O "musical americano", tipificado pelas produções da Broadway, zona de teatros da cidade de Nova York, e do cinema, constituem um dos ícones da cultura dos Estados Unidos. Infindáveis nomes contribuíram para torná-lo um gênero imorredouro e único.
No campo da música erudita, destacaram-se Edward Macdowell, George Gershwin, autor da ópera americana mais conhecida no mundo, Porgy and Bess, Aaron Copland, Samuel Barber, Ernst Bloch, John Cage, Charles Ives e Leonard Bernstein.
Televisão
A televisão tomou impulso na metade do século XX. Hoje praticamente toda casa nos Estados Unidos tem pelo menos um aparelho receptor e a audiência potencial cobre toda a população do país, o que torna a televisão um meio de comunicação diferente de qualquer outro na história. Indústria altamente rentável, movimenta anualmente bilhões de dólares. A programação, muito padronizada, é constituída sobretudo por filmes, esportes, noticiários, shows musicais, entrevistas e novelas. Existem três grandes cadeias nacionais, ABC, CBS e NBC, mas uma importante tendência moderna tem sido a dos canais por assinatura, como as TVs a cabo, capazes de atingir 95% dos domicílios.
Teatro
O primeiro e maior dos dramaturgos americanos, e nome entre os mais importantes do teatro mundial, é Eugene O'Neill (Prêmio Nobel de literatura em 1936). A seu lado podem ser acrescentados os nomes de Tennessee Williams, Arthur Miller e Edward Albee. Outros nomes importantes são Elmer Rice, Maxwell Anderson, Robert Sherwood, Clifford Odets, Lillian Hellman, Marc Connelly e Thornton Wilder. Na comédia de situações e sátira urbana destaca-se Neil Simon.
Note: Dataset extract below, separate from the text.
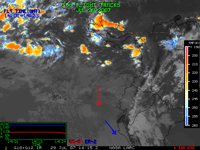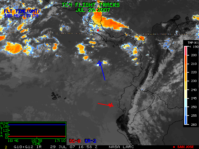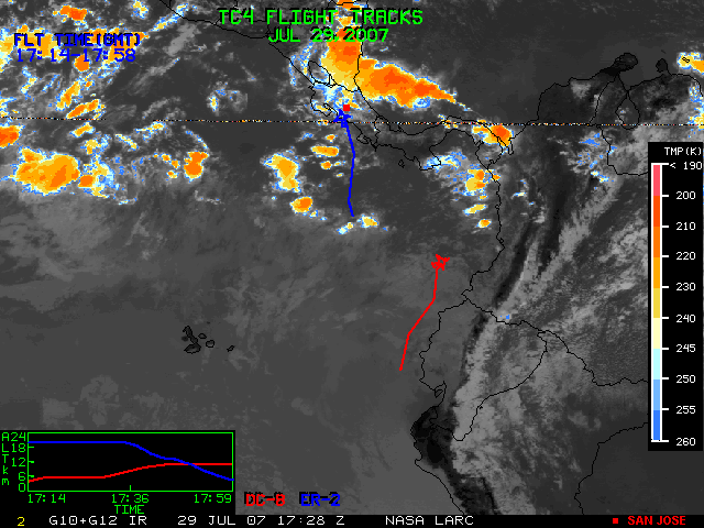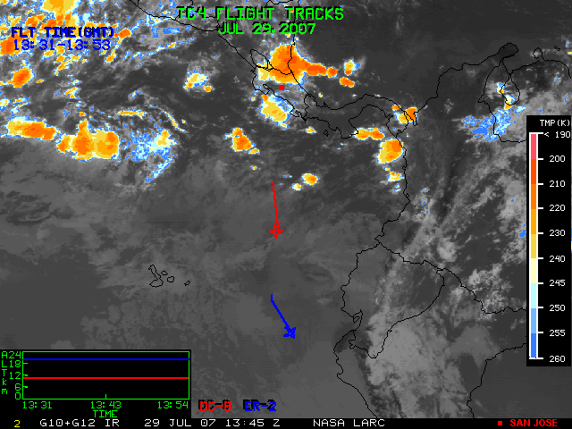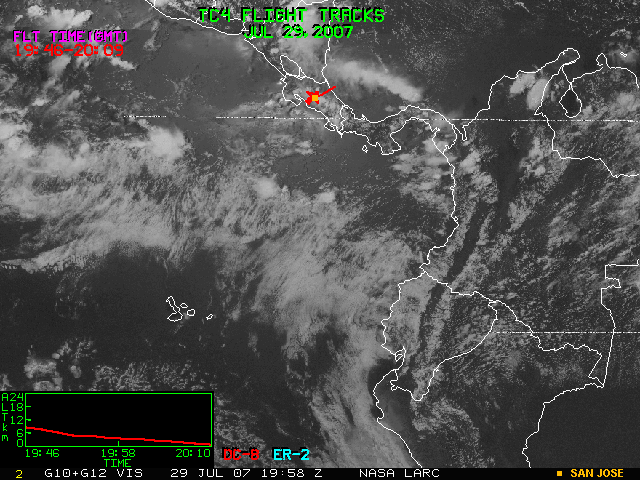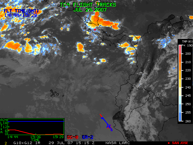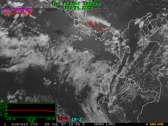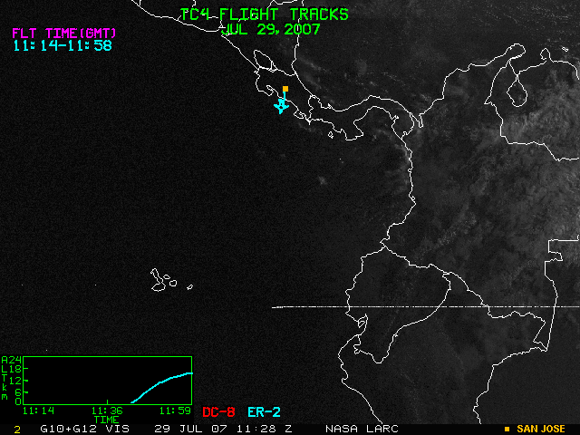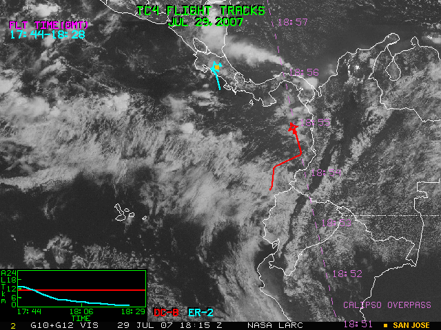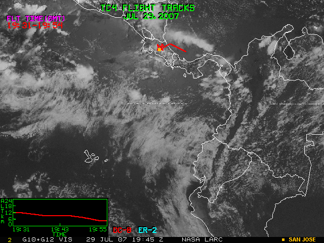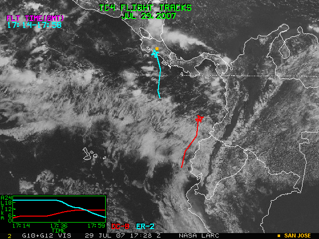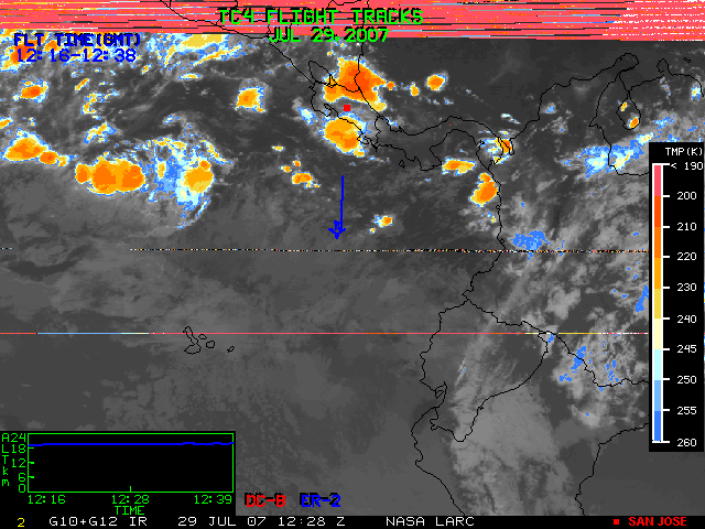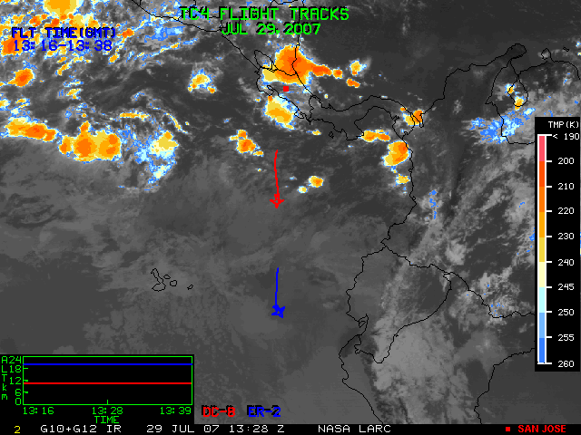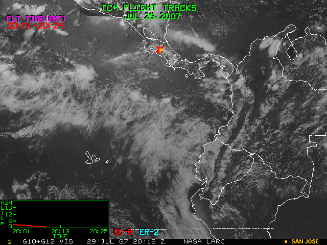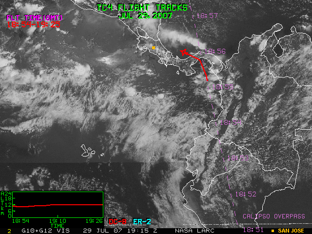GOES (G10+G12) Visible image (29 July 2007 15:45 UTC) with aircraft flight tracks

Depois que o centro do teatro americano deslocou-se da Broadway para o circuito off-Broadway e off-off-Broadway, os teatrólogos se sentiram mais livres para escrever peças radicais e inovadoras, com esperança real de vê-las encenadas. Surgiram, assim, na década de 1960, os dramas de David Rabe, David Mamet, Imamu Amiri Baraka (LeRoi Jones) e Ed Bullins, além de Sam Shepard, Lanford Wilson e Ntozake Shange.
No musical, Cole Porter, George e Ira Gershwin, Irving Berlin, Leonard Bernstein, Victor Herbert, Jerome Kern, Richard Rodgers, Oscar Hammerstein II e Lorenz Hart são modelos de criatividade.